Task to complete:
Your job is to give again, exactly and with no additions, the lines in the records below from the one with "Green Croc Print" through the one with "大きなドットがかわいいキルテ", both included. Omit the pictures.

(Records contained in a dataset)
--------------------

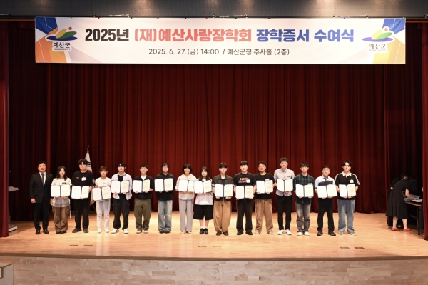 [충청25시] 예산군은 지난 6월 27일 군청 추사홀에서 예산사랑장학회가 2025년도 장학생 장학증서 수여식을 개최하고 관내외 중·고등학생 및 대학생 총 250명에게 장학증서를 전달했다고 1일 밝혔다.
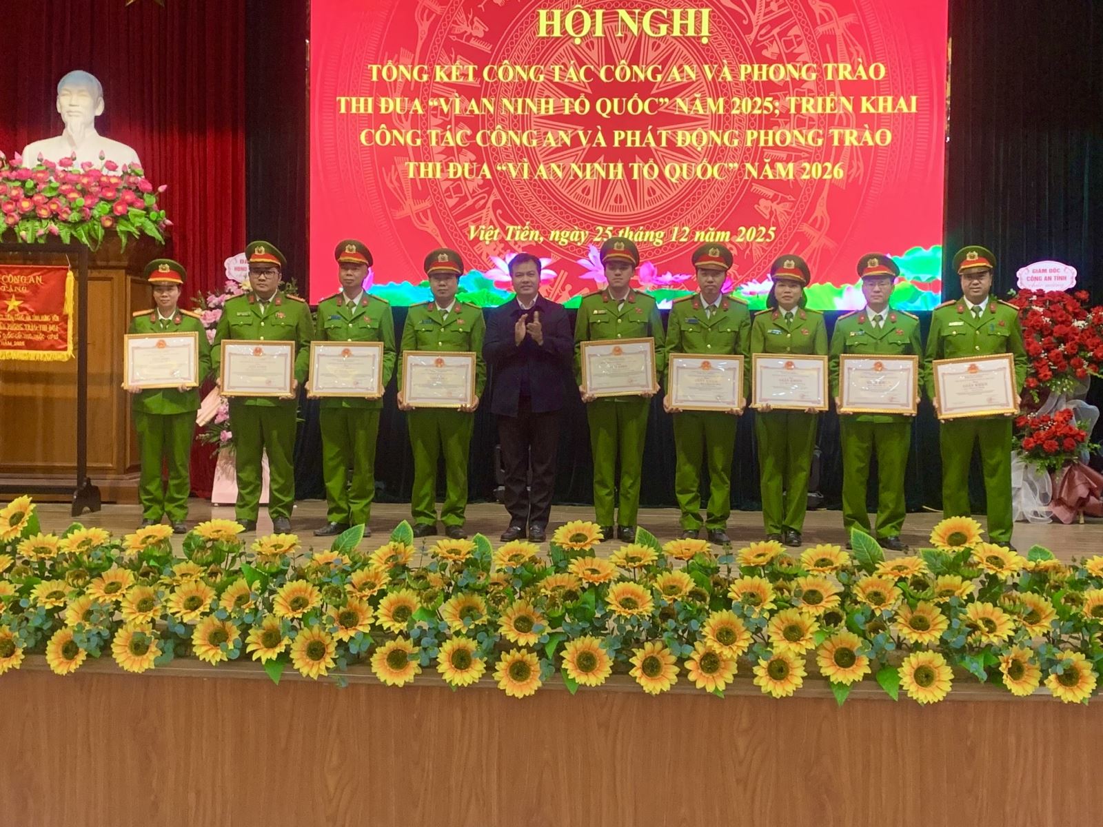 Ghi nhận những thành tích của Công an xã trong phong trào thi đua “Vì an ninh Tổ quốc” năm 2025, Công an xã Việt Tiến đã vinh dự được Bộ Công an tặng danh hiệu “Cờ thi đua của Bộ Công an”; 14 cá nhân được Giám đốc Công an tỉnh tặng danh hiệu “Chiến sĩ thi đua cơ sở” và 35 lượt tập thể, cá nhân được các cấp khen thưởng. Tại Hội nghị, 24 lượt cá nhân có thành tích xuất sắc trong thực hiện các mặt công tác đã vinh dự được đồng chí Phó Giám đốc Công an tỉnh và đồng chí Chủ tịch UBND xã trao tặng khen thưởng.
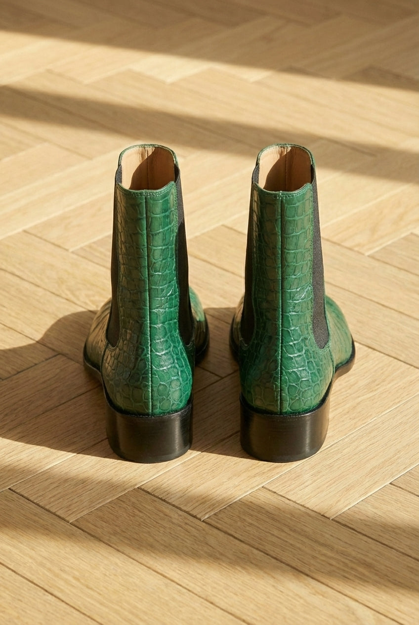 Green Croc Print Leather Amino With Split Toe Chelsea Boot
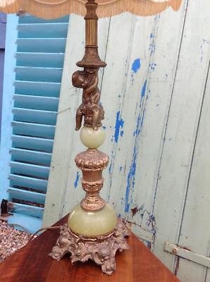 Large Vintage Green Onyx & Brass Cherub Table Lamp +Shade 87cm Hollywood Regency
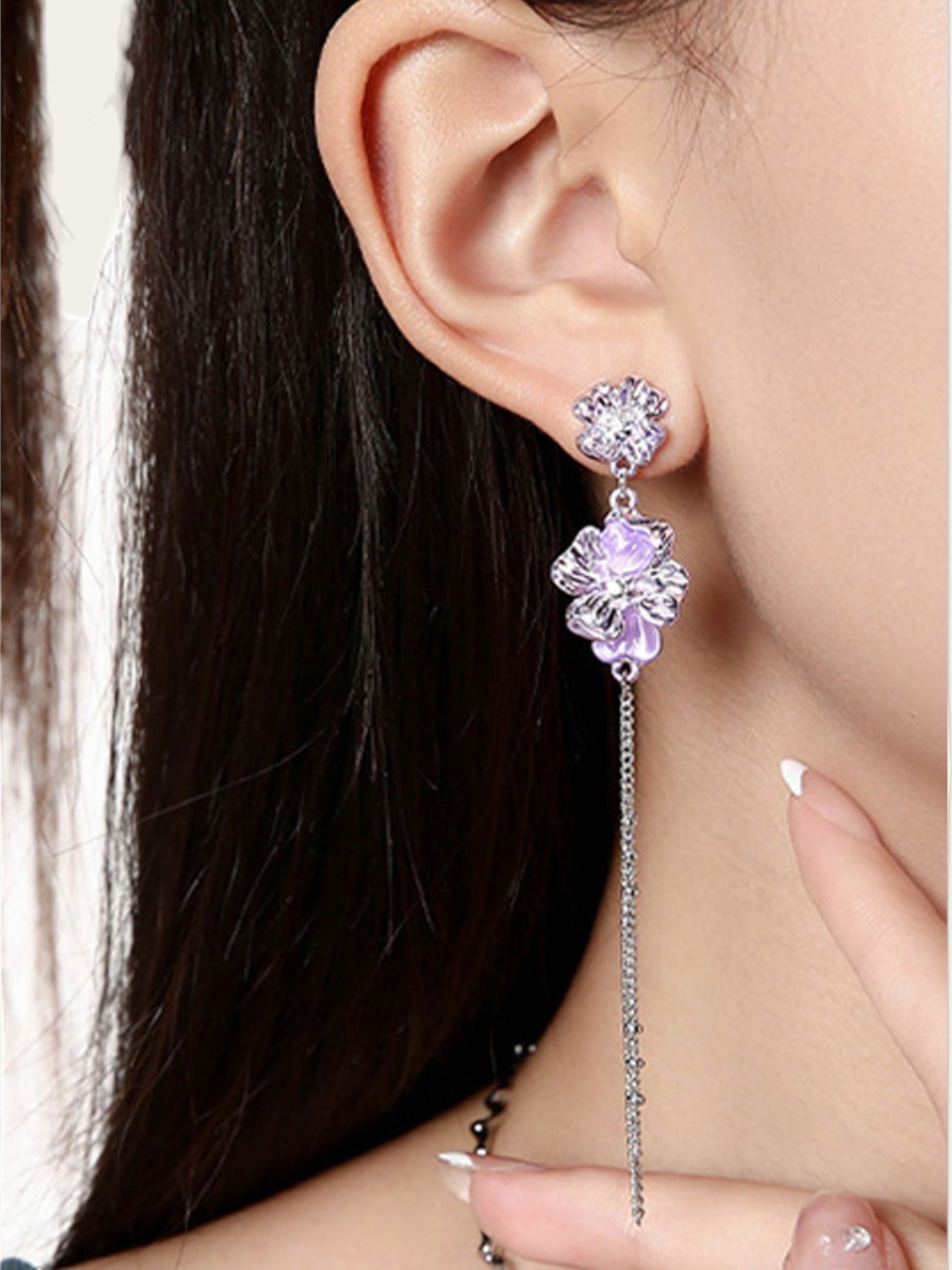 Electric Purple Flower Dangle Earrings
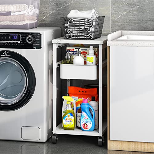 LISUEYNE キッチンワゴン 幅34×奥行40×高さ66cm 引き出し式 キャスター付き 収納かご付き オフィス収納カート ラ
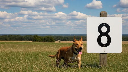 Brown dog standing in a field near a white sign displaying the number eight
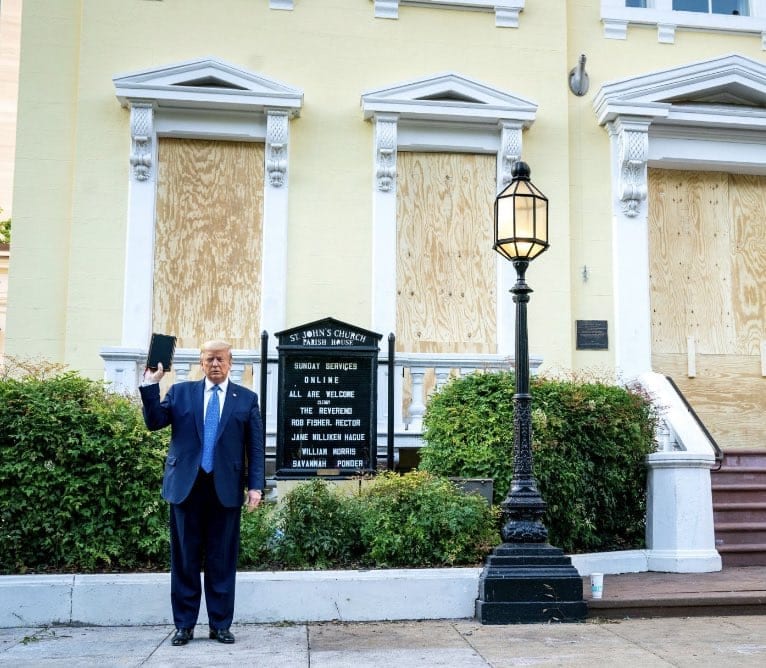 Hay que recordar que el sótano de Saint John ardió en las revueltas del domingo por la muerte de George Floyd, y Trump decidió fotografiarse a las puertas del templo sujetando una Biblia en la mano, antes de regresar a su residencia. Fue ahí donde dijo, era el presidente de “la ley y el orden”.
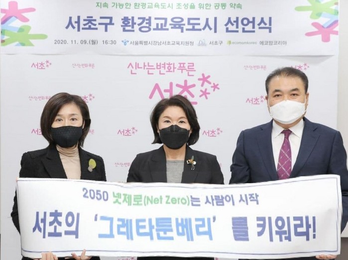 [환경데일리 추호용 기자]서울시 서초구(구청장 조은희)는 파리기후협약에 따른 신기후체제 시행을 2달 여 앞두고 2050 넷제로(탄소순배출제로)를 위해 2020년 11월 9일 서울시강남서초교육지원청(교육장 김용호), (사)에코맘코리아(대표 하지원)와 서울시 최초로 환경교육도시 선언했다.
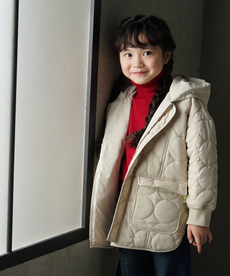 大きなドットがかわいいキルティング素材を活かしながら、シンプルにかっこよくも着られるリバーシブルコート!
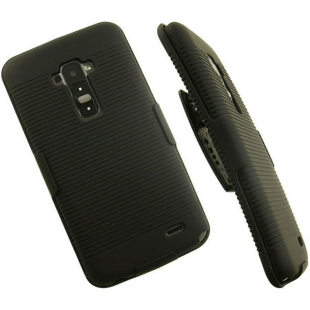 COMPATIBILITY: LG G Flex If you have a case on your phone then it will not fit in a traditional holster....until now! You get one black cover for your phone AND one holster belt clip that is custom made to fit the phone while inside the case. PHONE COVER: The cover is a black hard shell that snaps on the back of the phone. Your phone is fully functional in the case with cutouts to access all buttons and ports. The case is made of hard plastic that has been treated with a rubberized spray powder coating for extra grip and durability. Case also has ribbed lines for additional grip. PHONE HOLSTER: Holster is made to fit the phone with cover. Its also made of a hard plastic that has a rubberized texture coating. The interior is lined with micro-fiber material to ensure your lcd screen will remain scratch free. The holster will fit the phone face-inward to protect the lcd screen. Also fits the phone in both directions (insert the phone upsidedown for better access to headset port). You can access the 3.5mm headset while the phone is in the holster. Your phone is ultra secure within the holster. The belt clip on this holster will turn/lock in 13 different positions. The clip has a slim profile so it will not extend far from your waist and bump into things. Attach to your side and always have quick access to your phone. KICKSTAND: There is a hinge on the inside of the belt clip so you can prop open. This is great for standing the phone in horizontal position on your table or desk. COMPATIBILITY: This case/holster combo was designed for LG G Flex phone. Model numbers include: Unlocked F340 Unlocked D955 Unlocked D958 Unlocked D959 Unlocked F340s AT&T D950 Sprint LS995 T-Mobile D959n.
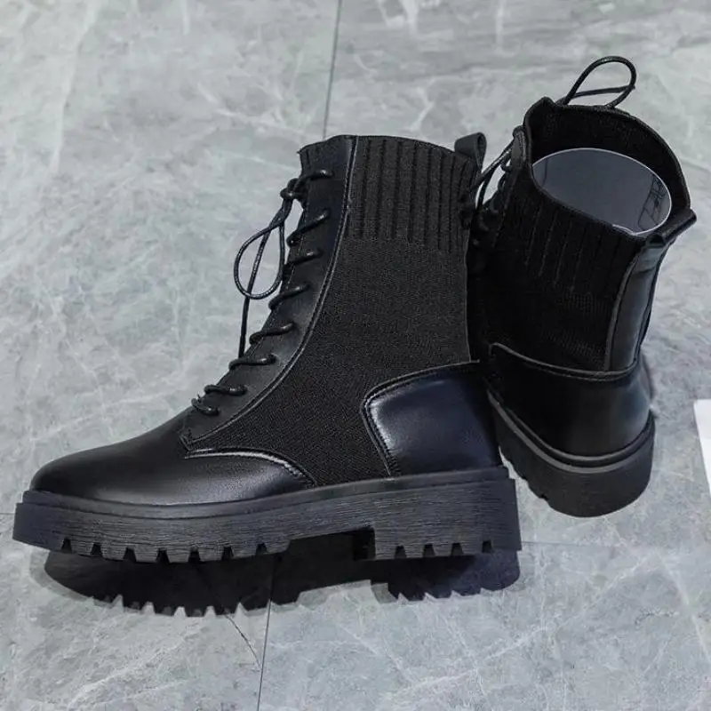 Женские ботинки без шнуровки на платформе в западном стиле трикотаж...
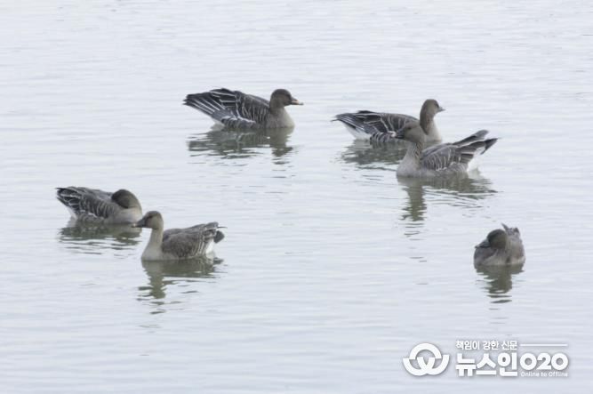 (뉴스인020 = 김성길 기자) 의왕도시공사가 운영 중인 조류생태과학관은 최근 왕송호수 일대에서 실시간 생태환경 모니터링 과정에서 환경부 지정 멸종위기야생생물 2급인 큰기러기(Anser fabalis) 다수 개체를 관찰했다고 밝혔다.
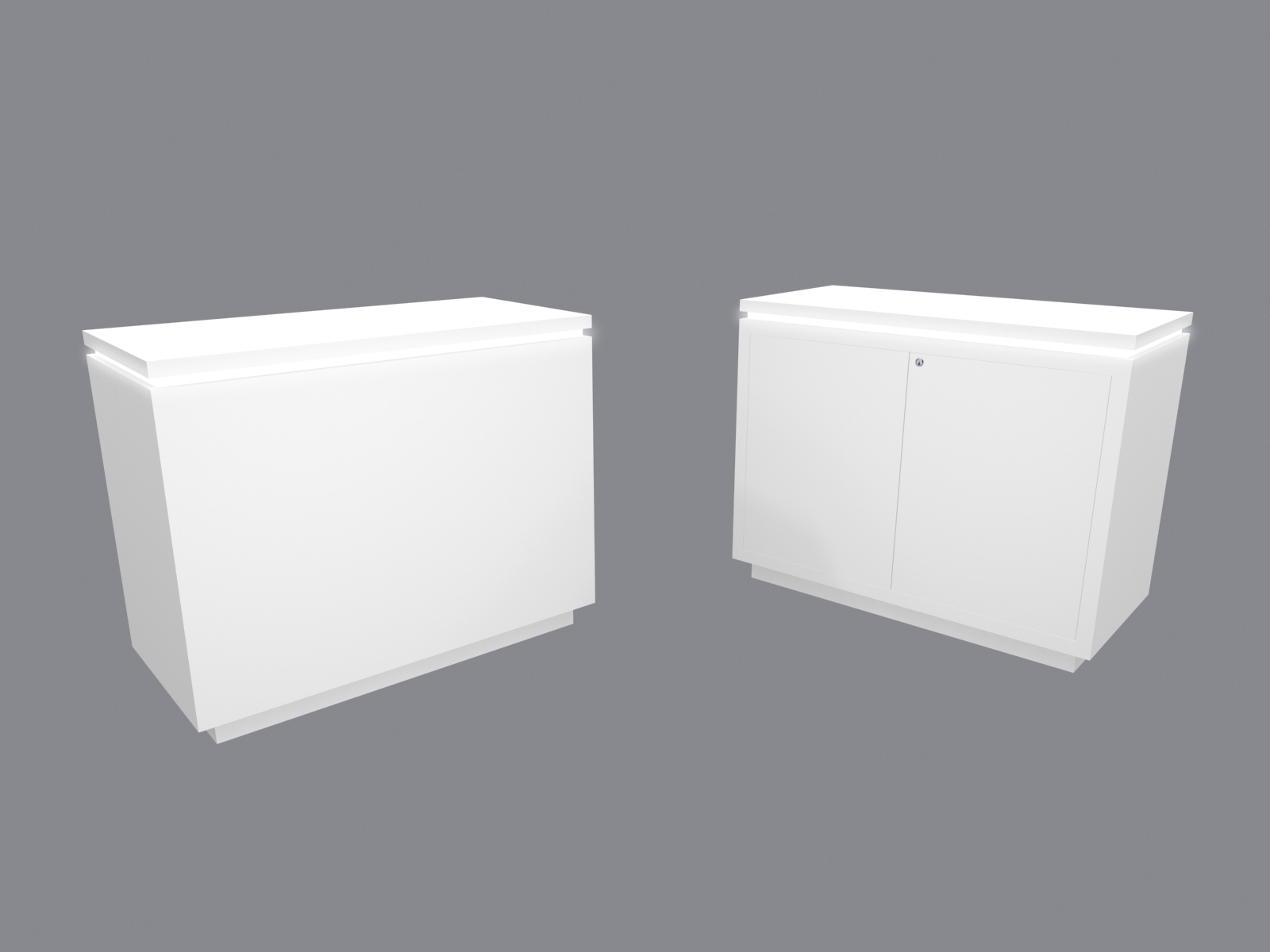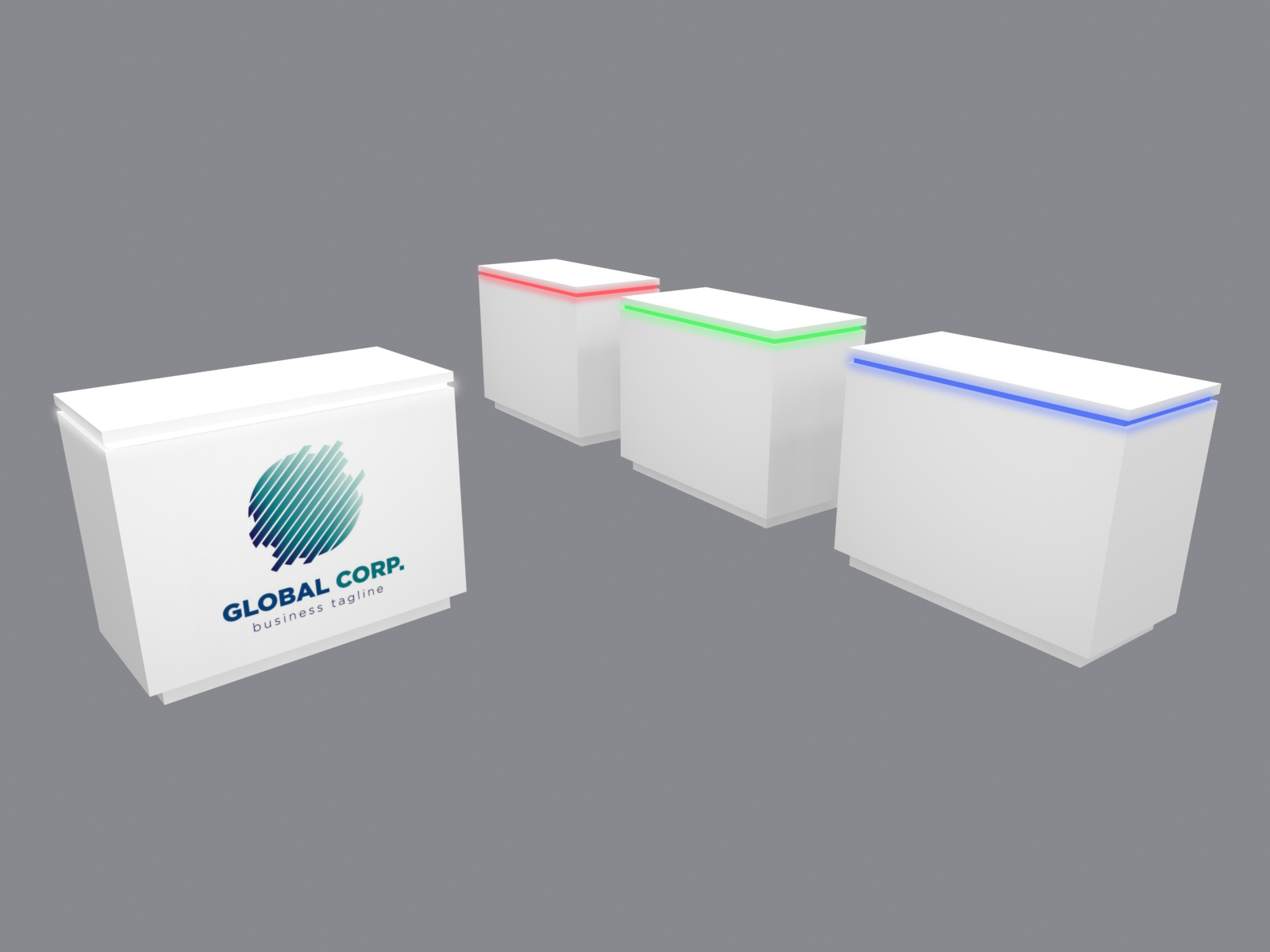 Custom Rental Counters and Pedestals offer the convenience of a fully-assembled component with all the benefits of a custom design. Choose one of the many existing kit designs or request a design unique to your trade show needs. Either way, you'll discover why a custom counter or pedestal adds sophistication and features not found on most portable or modular components. Nearly all come with locking storage. Don't see exactly what you want? No problem. We specialize in designing and building counters and pedestals that meet any need.

--------------------

Expected answer:
 Green Croc Print Leather Amino With Split Toe Chelsea Boot
 Large Vintage Green Onyx & Brass Cherub Table Lamp +Shade 87cm Hollywood Regency
 Electric Purple Flower Dangle Earrings
 LISUEYNE キッチンワゴン 幅34×奥行40×高さ66cm 引き出し式 キャスター付き 収納かご付き オフィス収納カート ラ
 Brown dog standing in a field near a white sign displaying the number eight
 Hay que recordar que el sótano de Saint John ardió en las revueltas del domingo por la muerte de George Floyd, y Trump decidió fotografiarse a las puertas del templo sujetando una Biblia en la mano, antes de regresar a su residencia. Fue ahí donde dijo, era el presidente de “la ley y el orden”.
 [환경데일리 추호용 기자]서울시 서초구(구청장 조은희)는 파리기후협약에 따른 신기후체제 시행을 2달 여 앞두고 2050 넷제로(탄소순배출제로)를 위해 2020년 11월 9일 서울시강남서초교육지원청(교육장 김용호), (사)에코맘코리아(대표 하지원)와 서울시 최초로 환경교육도시 선언했다.
 大きなドットがかわいいキルティング素材を活かしながら、シンプルにかっこよくも着られるリバーシブルコート!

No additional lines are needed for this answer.